I am a recent convert to letter-writing. For years, I have been very willing to contact people I knew had an interest in genealogy, through Ancestry or GenesReunited or the other multifarious platforms designed for people who shared my interest. These contacts were often very useful. I have corresponded, in my time, with cousins everywhere from Australia to America, who often knew huge amounts about my more distant ancestors, and with whom I could put my head together, often productively, on trickier bits of research.
But what of my more recent ancestors? Fascinating as it is to talk to people with whom I share common ancestors from the 18th or early 19th centuries, what about talking to the descendants of ancestors in living memory, but whose own family are not involved in the world of online genealogy.
For instance, my great-great-grandmother, let’s call her Molly Conybear. She was born posthumously in Dover in 1895, to a Devonian railway-worker and his Berkshire-born wife, Annie Stallard. Annie remarried to a publican and coal miner named Albert Smith and transplanted the family from Kent to South Yorkshire, where Albert worked on the coalfield. Their children were farmed out as young as possible, and Molly found herself working on a farm in Maltby. There, she met my great-great-grandfather and married him aged only 16. Together, they had eleven children, and then Molly left.
For years, this was all my family knew. She was effectively never heard of again, only some vague rumours she had transplanted herself to Mansfield. Imagine my surprise when, as a naïve thirteen-year-old examining the birth indexes, I spotted three more daughters with the distinctive mother’s maiden name, born in Mansfield. In retrospect, it was definitely an error to mention these heretofore-unknown siblings to Molly’s last remaining daughter from the first marriage, a lady I only ever met once who was kind enough to provide me with a photograph of her father but, I suspect, was somewhat taken aback by the news. She passed away a couple of years later, and I never had the opportunity to speak to her again.

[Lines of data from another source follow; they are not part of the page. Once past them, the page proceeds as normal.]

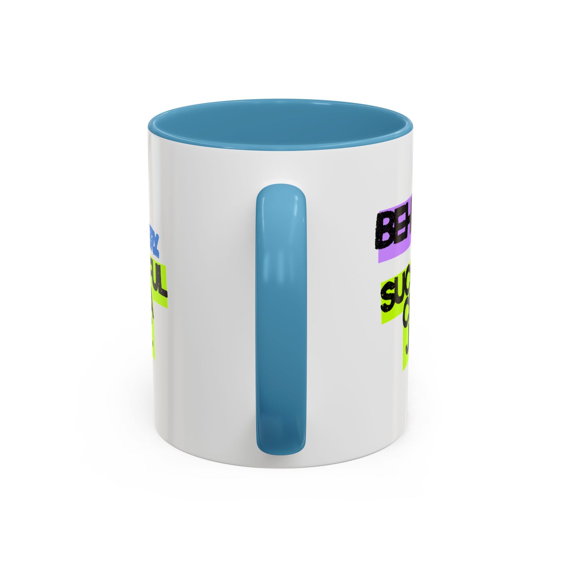 - Made from durable white ceramic with colored interior and handle
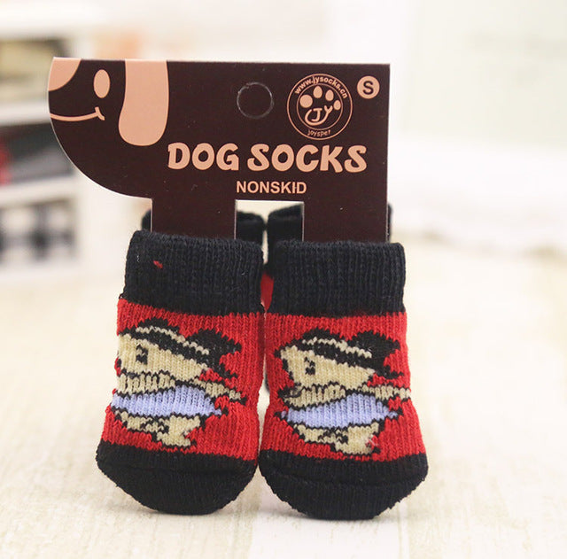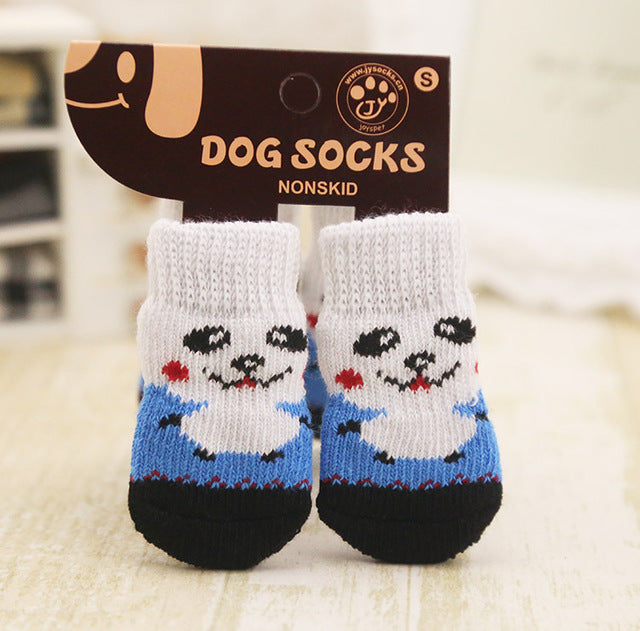 4pcs Warm Puppy Dog Shoes Soft Acrylic Pet Knits Socks Cute Cartoon Anti Slip Skid Socks For Small Dogs Pet Products S/M/L
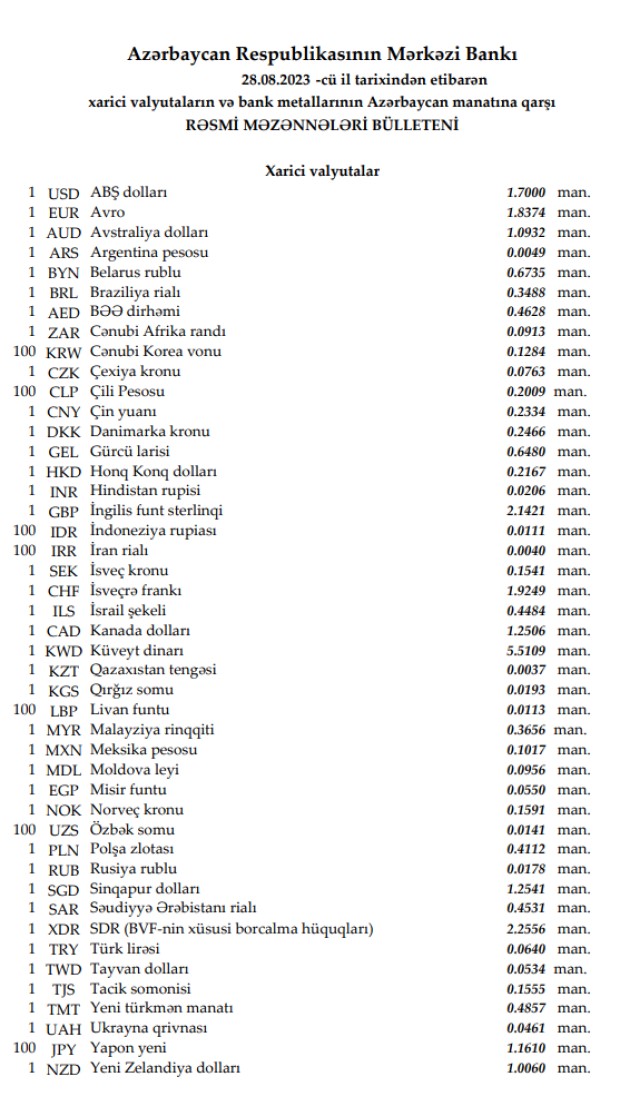 Dolların bazar ertəsi üçün rəsmi məzənnəsi müəyyən olunub
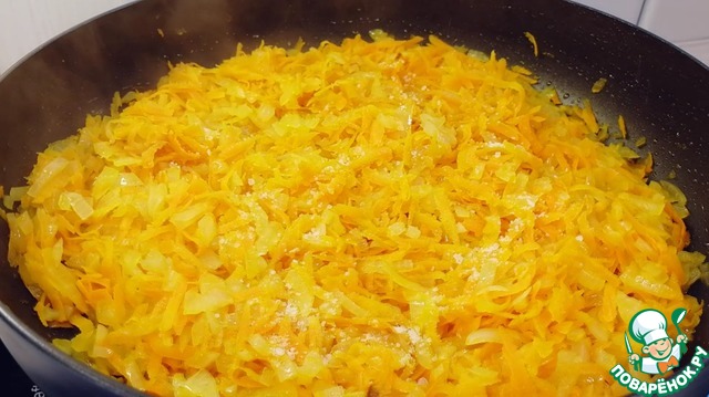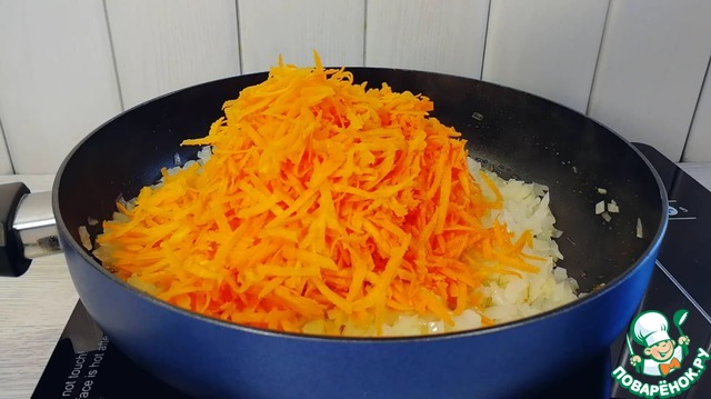 Добавить морковь. Обжаривать 3-4 минуты до мягкости овощей.
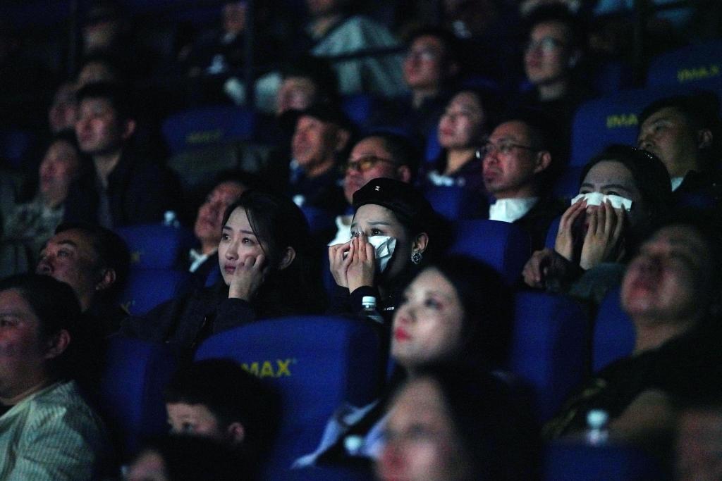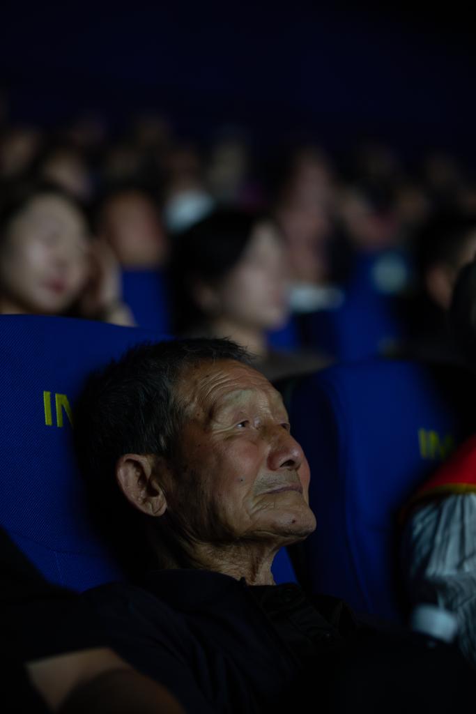 9月17日,在哈尔滨市哈东万达影城,受害者家属在观看电影《731》。新华社发(张大巍摄)
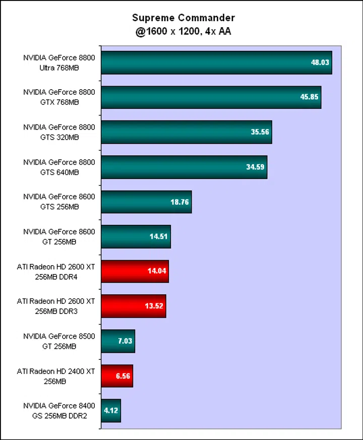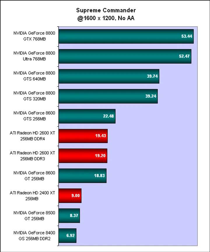 A recent massive real time strategy game, Supreme Commander is on a different scale from the usual RTS game. This epic scale means that in many instances, there are many units on the map and hence, this game seriously taxes both the CPU and GPU, the former due to the AI requirements and the latter, the rendering necessary for such a large battlefield. Unsurprisingly, with the settings put to maximum, even the high-end cards found Supreme Commander rather challenging. We only tested the new cards for this benchmark, but from what we have seen, only the higher mid-range cards (GeForce 8600 GTS and faster) are able to handle this game adequately at our settings. The good news is that there was only a slight performance penalty for enabling anti-aliasing.
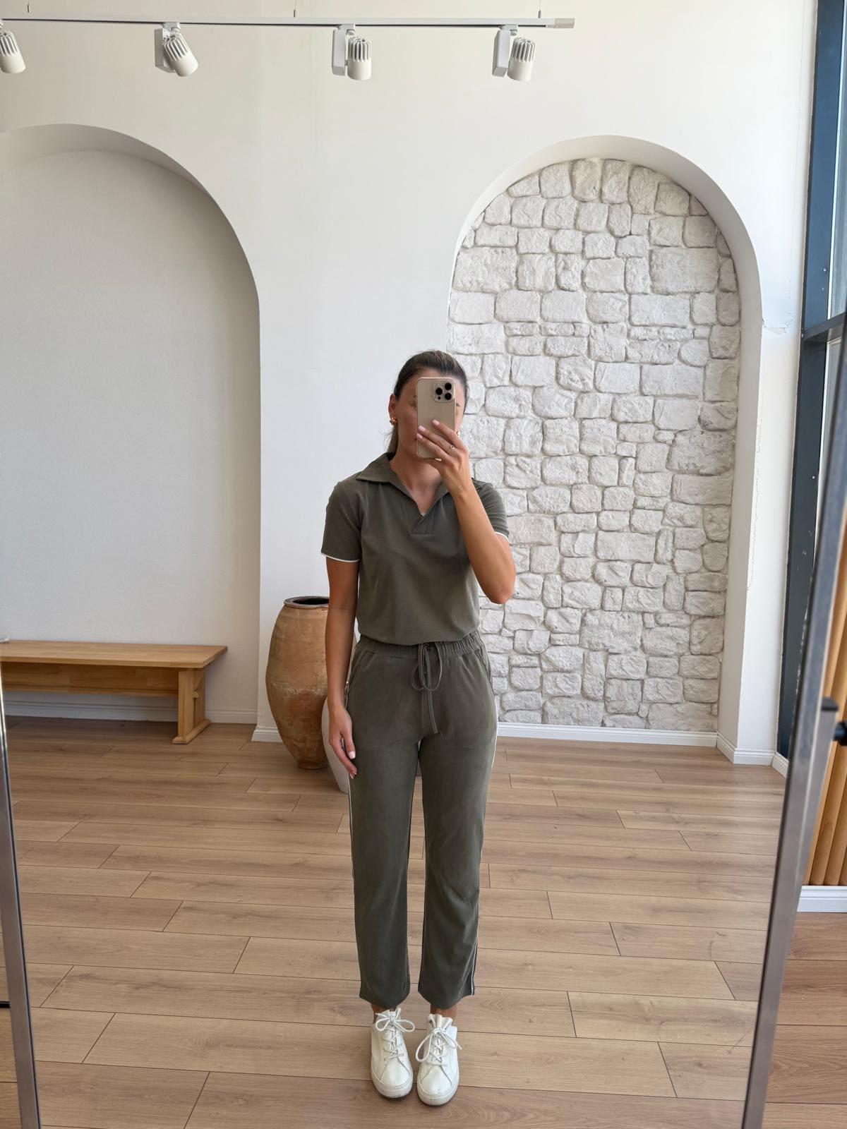 Beyaz Biyeli Kısa Kollu Tshirt Pantalon Haki Takım
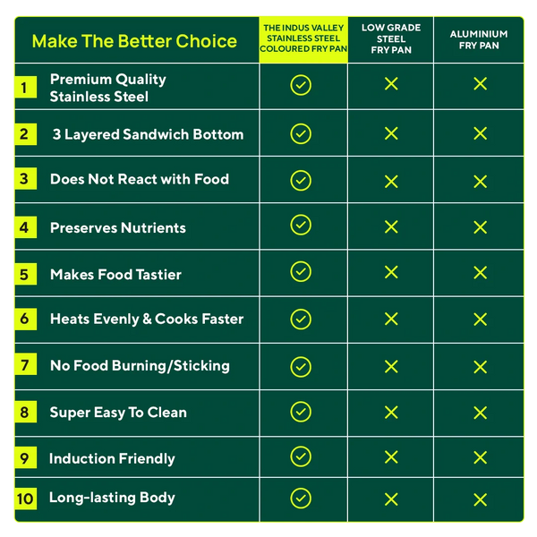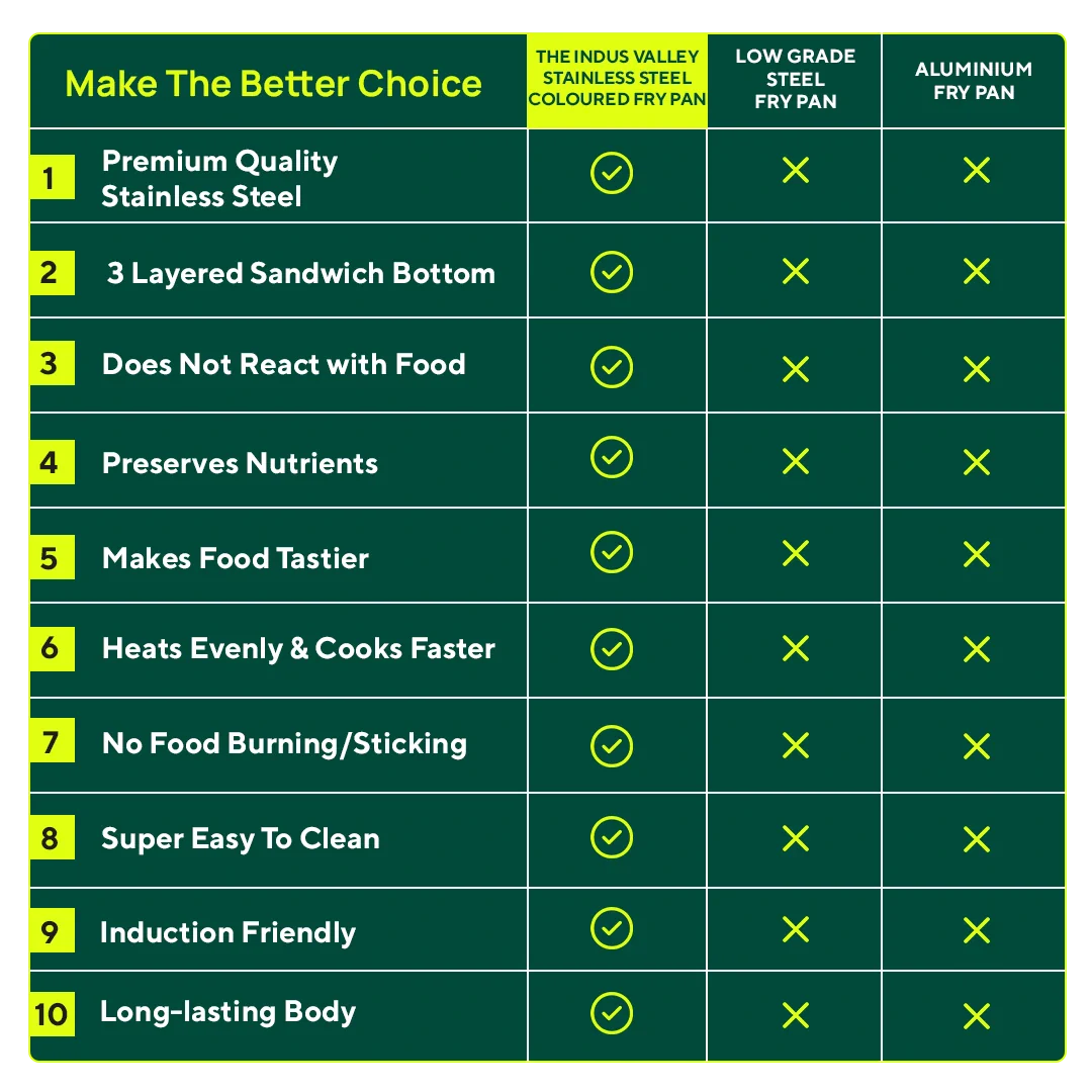 😎THE BEST CHOICE: Cooking healthy dishes in this stainless steel fry pan is easier, hassle-free and without toxins! Be assured that this will be the best stainless steel fry pan that you ever had. Guaranteed your hunt for the best frying pan in India will be over!

Molly took on a somewhat mythical aspect in my mind. I had never spoken to anyone who knew anything about her beyond her name – my great-great-aunt having been three or four when she left the family – and had never seen a photograph. She was an enigma to me. Moreover, none of her descendants – and you had best believe that I went straight to looking to them – were on the online genealogy sites. For years, then, Molly and her daughters existed in a kind of genealogical limbo, with me be excruciatingly aware of their position in my family tree and, very distinctly, not in my life. After all, all of Molly’s three daughters, as far as I could tell, were very much still alive. These people knew my great-great-grandmother, in fact, knew her better than anyone else in the world possibly could do, but I didn’t want to break into a world where I wasn’t wanted.
Eventually, at the urging of a colleague, I decided the best way forward was to write a letter. Eschewing the incredibly elderly great-great-aunts for fear of the news being unwelcome, I instead decided to try one of their children. I drew up a brief family tree, more notable perhaps for what it pointedly didn’t say than what it did, and a short letter explaining myself and saying, rather hopefully, that I would be glad to hear anything from them at all. This then preceded to sit on my desk for six weeks, whilst I worked up the courage to actually post the missive! To be quite honest, I was expecting to be ignored at worst and a short, ‘we’re not interested, thank you,’ brush off at best.
So, the telephone call I got the next week, saying my letter had been passed to the grandchild of Molly who knew her best and who was incredibly eager to speak to me was a surprise at best.
Well, you can guess how things went from there. Me and my newfound cousins are now in regular contact. I was able to share a lot of information about Molly’s origins and earlier family with them – they hadn’t even known her maiden surname. In return, they shared with me something equally precious – stories. Stories of Molly, of her life, of the grandmother they knew. They were even able to send me a small number of photographs of my great-great-grandmother. Nobody else alive could have sent me this.
Now I am drawing up great, ambitious lists of people to write to, in the hope that I will be able to keep fleshing out, and finding out, about my family. Okay, maybe most people won’t get back to me, or won’t know what I hope they do, or our contact will be sporadic at best. But I think nothing could sour me on letter-writing now, and I can only recommend that if you have mysteries in your tree, little, big, or middling, I wouldn’t over-estimate the power a letter to a non-genealogist can have.